For instance, most people want better schools. They also want lots of primary residents to live here to keep the community aspect of Park City intact. They don’t want sprawl or growth because that ruins the open space we have become accustomed to. They also don’t want higher taxes.
Yet, if we want better schools, either through newer buildings or the best teachers, that costs money. Secondary home owners pay much more in taxes than primary residents. The alternative to second homes is more commercial growth to increase the tax base. That induces growth.
It’s two diametrically opposed ideas, that are so far apart, common ground will likely be hard to find. It goes beyond transportation issues, affordable housing, and all the other “hot button” items. It’s a question of how Park City finds a way to stay true to itself — and in a way that should dominate every single decision.
A few years ago, a couple of people camped out in City Park in the name of Occupy Park City. The occupy movement was about inequality across America. While those people have since left City Park, the inequality still exists. And while many people want to focus on buzz words like “Keeping Park City Park City” the problem is bigger than that.
If yesterday’s meeting was an indicator of the beginning of a shift in sentiment of community residents, our leaders had better start to pay attention quickly. For this is a spark could become a full-fledged flame.
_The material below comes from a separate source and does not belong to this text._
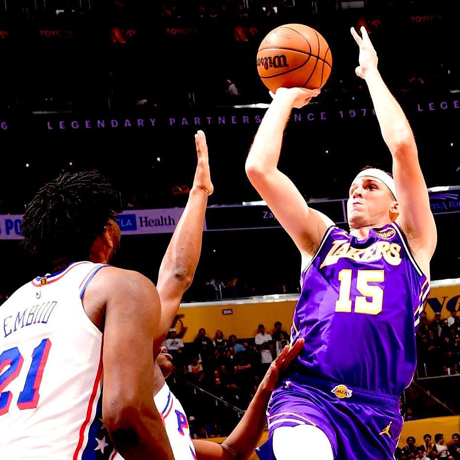 湖人队,八村塁7中5,3分球2中2得到了砍下了14分7板1助、拉拉维亚7中5得到了14分2助3断、艾顿5中4贡献10分6板2帽、东契奇10中3,三分球4中0得到了10分4板2助,因伤退场。斯玛特5中2得到了7分4板5助,得分全部来自末节,成为取胜功臣。范德比尔特7中3得到了6分6板1助2断、克莱伯3中2得到了4分4板4助3断,决胜时刻送出关键助攻。克内克特2分1板 。

If you want a good look at inequality, look at the salaries of the first 3 years for teachers versus the cutoff for Section 8 housing assistance. If a teacher were to be single with a kid or two, they are in the grey area of Section 8 qualification. They would qualify, but law mandates that the funds go to people who make even less. Interesting. High quality educators unable to live in the community they educate. The salaries and housing law are publicly available, it just takes connecting the dots.